▸ Data provided

=======

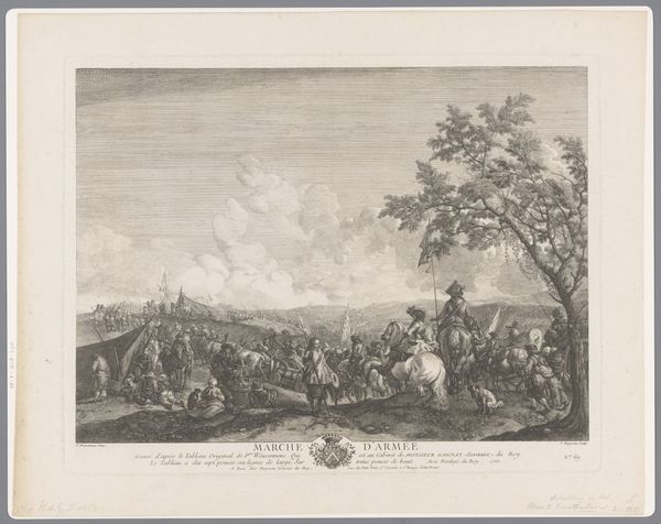 Curator: Jacques Philippe Le Bas created this engraving titled “Rustend jachtgezelschap in een landschap," dating back to 1740. Currently, this print resides at the Rijksmuseum. It seems to depict a resting hunting party in a landscape setting. Editor: It has a serene yet staged quality. The light etching feels almost idyllic, but also distant, somehow. It reminds me of watching a play from very far away. Curator: The composition is really interesting. See how Le Bas has created two distinct groups of people. There's the central grouping of the gentry, almost posed like a family portrait, but then lower down is what appears to be, from the context, the lower-class assistants or workers, including their children. Editor: It reveals a certain hierarchy inherent to leisure. This is Baroque art, so class is really baked into every single image and object from that time, isn't it? I keep returning to the children. Why are they there? And the people resting by what seems to be game birds? Curator: It would likely be unthinkable for the ladies or gentlemen to, say, pluck a pheasant. The lower group supports the upper class’s entertainment, so their presence illustrates the lifestyle as well as indicates something about power relations within society at that moment. Editor: Exactly. The children perhaps hint at inherited positions. The engraving, a copy of another painting most likely, preserves this social theater. Curator: Engravings, in particular, helped to widely circulate images, carrying social messages beyond the elites who could afford paintings. Each symbol and gesture then reinforces a certain vision of society and reinforces class differences as inevitable. Editor: Though a restful hunting party seems harmless, these images cemented roles. The dog, the dead birds...everything becomes a sign of dominion. Thank you, Jacques Philippe Le Bas for unintentionally providing insight into 18th-century societal structures. Curator: A rest stop is rarely just a rest stop.
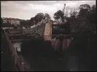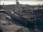 Vasa uppstöttad med trästöttor i Gustav V:s docka på Beckholmen.
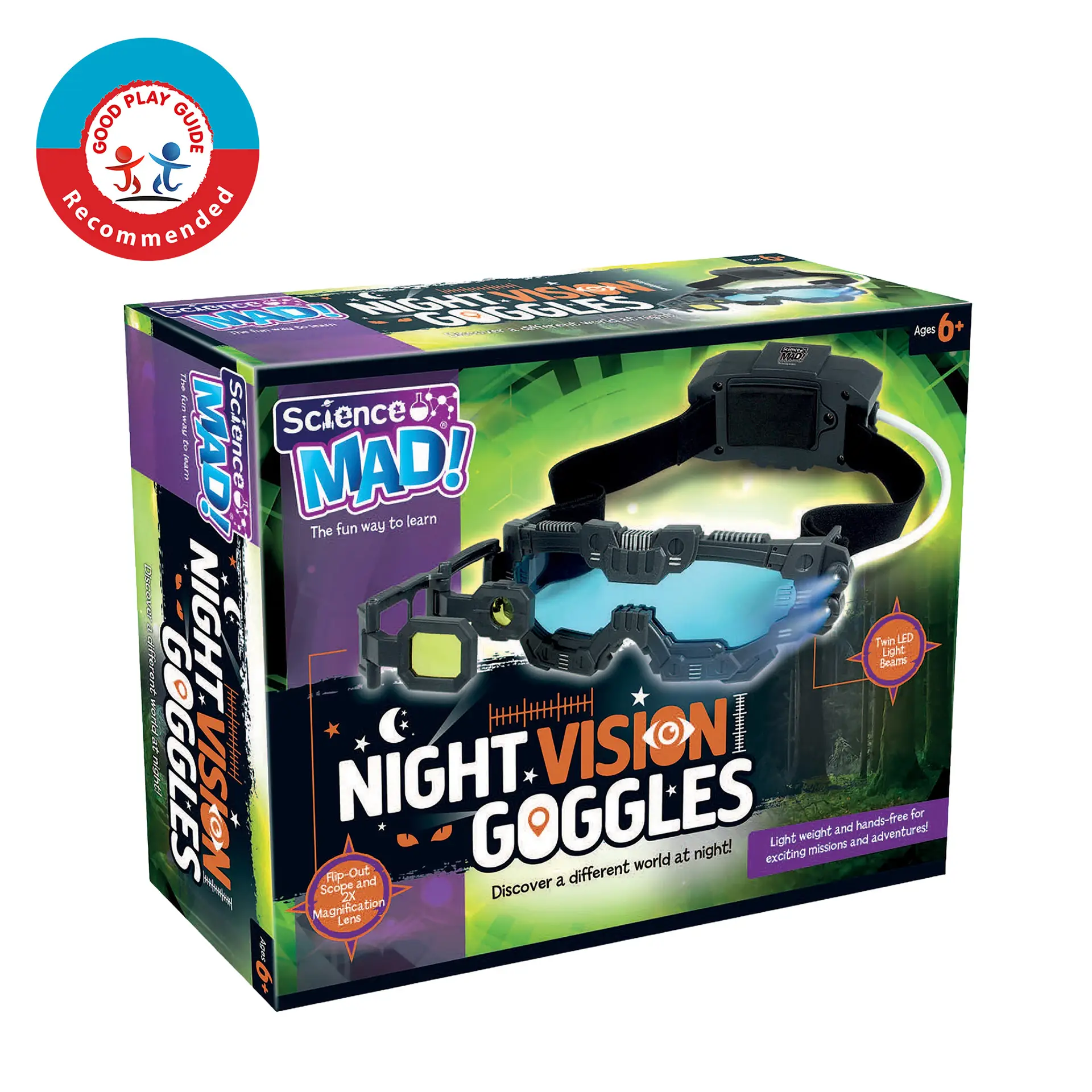 Designed with STEM learning in mind, the Science Mad Night Vision Goggles encourage observation, problem‑solving and exploration. Whether used for backyard adventures, nocturnal bug hunts or imaginative spy play, they offer a safe and exciting way to explore the world after dark.

=======

▸ What to do
Output everything in the material exactly. Pictures stay out of it.

▸ Exercise result
 Curator: Jacques Philippe Le Bas created this engraving titled “Rustend jachtgezelschap in een landschap," dating back to 1740. Currently, this print resides at the Rijksmuseum. It seems to depict a resting hunting party in a landscape setting. Editor: It has a serene yet staged quality. The light etching feels almost idyllic, but also distant, somehow. It reminds me of watching a play from very far away. Curator: The composition is really interesting. See how Le Bas has created two distinct groups of people. There's the central grouping of the gentry, almost posed like a family portrait, but then lower down is what appears to be, from the context, the lower-class assistants or workers, including their children. Editor: It reveals a certain hierarchy inherent to leisure. This is Baroque art, so class is really baked into every single image and object from that time, isn't it? I keep returning to the children. Why are they there? And the people resting by what seems to be game birds? Curator: It would likely be unthinkable for the ladies or gentlemen to, say, pluck a pheasant. The lower group supports the upper class’s entertainment, so their presence illustrates the lifestyle as well as indicates something about power relations within society at that moment. Editor: Exactly. The children perhaps hint at inherited positions. The engraving, a copy of another painting most likely, preserves this social theater. Curator: Engravings, in particular, helped to widely circulate images, carrying social messages beyond the elites who could afford paintings. Each symbol and gesture then reinforces a certain vision of society and reinforces class differences as inevitable. Editor: Though a restful hunting party seems harmless, these images cemented roles. The dog, the dead birds...everything becomes a sign of dominion. Thank you, Jacques Philippe Le Bas for unintentionally providing insight into 18th-century societal structures. Curator: A rest stop is rarely just a rest stop.
 Vasa uppstöttad med trästöttor i Gustav V:s docka på Beckholmen.
 Designed with STEM learning in mind, the Science Mad Night Vision Goggles encourage observation, problem‑solving and exploration. Whether used for backyard adventures, nocturnal bug hunts or imaginative spy play, they offer a safe and exciting way to explore the world after dark.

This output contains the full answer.